The string CPU_VENDOR_OS is determined
by the GNU autoconf program when the software in this book
is configured, and it identifies the CPU type, vendor, and OS
release. We show some examples here in the output from this program
when run on the various systems in Figure 1.16.
freebsd4 % byteorder
i386-unknown-freebsd4.8: little-endian
macosx % byteorder
powerpc-apple-darwin6.6: big-endian
freebsd5 % byteorder
sparc64-unknown-freebsd5.1: big-endian
aix % byteorder
powerpc-ibm-aix5.1.0.0: big-endian
hpux % byteorder
hppa1.1-hp-hpux11.11: big-endian
linux % byteorder
i586-pc-linux-gnu: little-endian
solaris % byteorder
sparc-sun-solaris2.9: big-endian
We have talked about the byte ordering of a
16-bit integer; obviously, the same discussion applies to a 32-bit
integer.
There are currently a variety of systems that
can change between little-endian and big-endian byte ordering,
sometimes at system reset, sometimes at run-time.

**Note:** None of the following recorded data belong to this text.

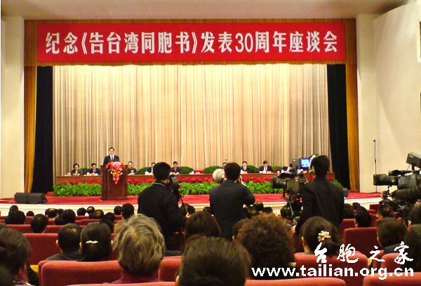 臺胞之家網(wǎng)12月31日訊: 紀(jì)念《告臺灣同胞書》發(fā)表30周年座談會今天上午在北京人民大會堂隆重舉行。中共中央總書記、國家主席、中央軍委主席胡錦濤出席座談會并發(fā)表重要講話。
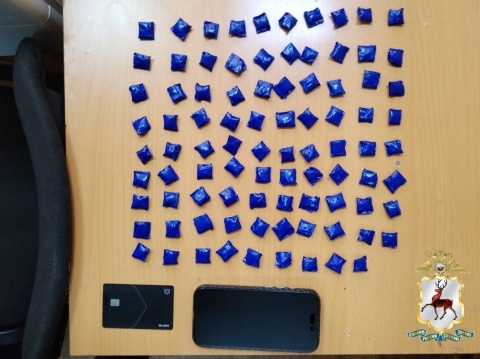 Для установления личности 20-летний мужчина был доставлен в отдел полиции № 8 УМВД России по Нижнему Новгороду. В ходе личного досмотра во внутреннем кармане его куртки оперативники обнаружили и изъяли 89 свёртков, обмотанных синей изолентой.
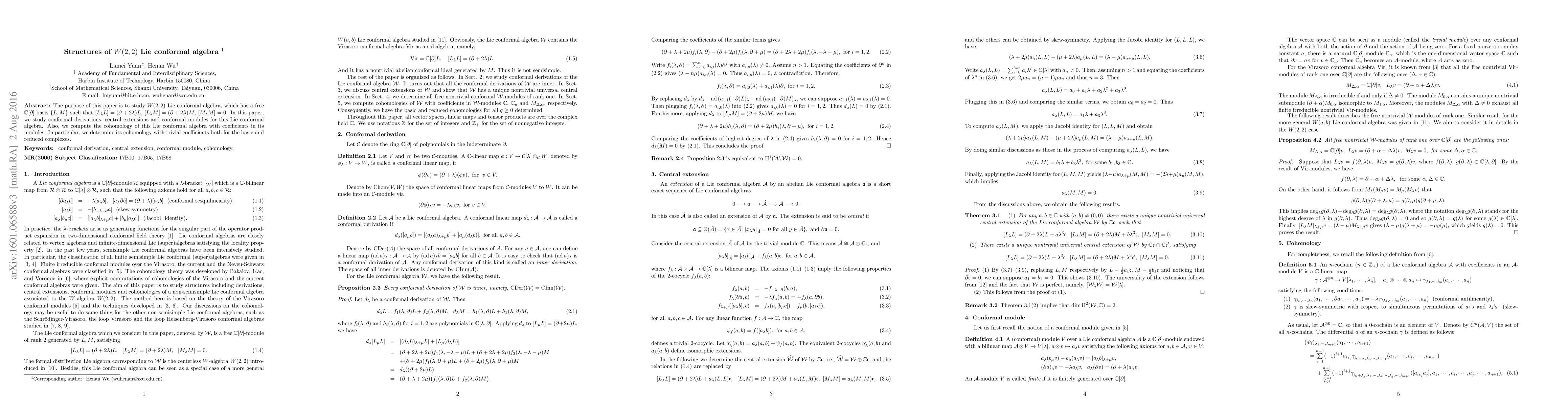 This paper investigates the $W(2,2)$ Lie conformal algebra, focusing on its conformal derivations, central extensions, and modules. It computes the cohomology of the algebra with its modules, determining the cohomology with trivial coefficients for both the basic and reduced complexes.

We must deal with these byte ordering
differences as network programmers because networking protocols
must specify a network byte order.
For example, in a TCP segment, there is a 16-bit port number and a
32-bit IPv4 address. The sending protocol stack and the receiving
protocol stack must agree on the order in which the bytes of these
multibyte fields will be transmitted. The Internet protocols use
big-endian byte ordering for these multibyte integers.
In theory, an implementation could store the
fields in a socket address structure in host byte order and then
convert to and from the network byte order when moving the fields
to and from the protocol headers, saving us from having to worry
about this detail. But, both history and the POSIX specification
say that certain fields in the socket address structures must be
maintained in network byte order. Our concern is therefore
converting between host byte order and network byte order. We use
the following four functions to convert between these two byte
orders.
#include <netinet/in.h>
|
uint16_t htons(uint16_t host16bitvalue) ;
|
uint32_t htonl(uint32_t host32bitvalue) ;
|
Both return: value in network byte order
|
uint16_t ntohs(uint16_t net16bitvalue) ;
|
uint32_t ntohl(uint32_t net32bitvalue) ;
|
Both return: value in host byte order
|
In the names of these functions, h
stands for host, n stands
for network, s stands for
short, and l stands for
long. The terms "short" and "long"
are historical artifacts from the Digital VAX implementation of
4.2BSD. We should instead think of s as a 16-bit value
(such as a TCP or UDP port number) and l as a 32-bit value
(such as an IPv4 address). Indeed, on the 64-bit Digital Alpha, a
long integer occupies 64 bits, yet the htonl and
ntohl functions operate on 32-bit values.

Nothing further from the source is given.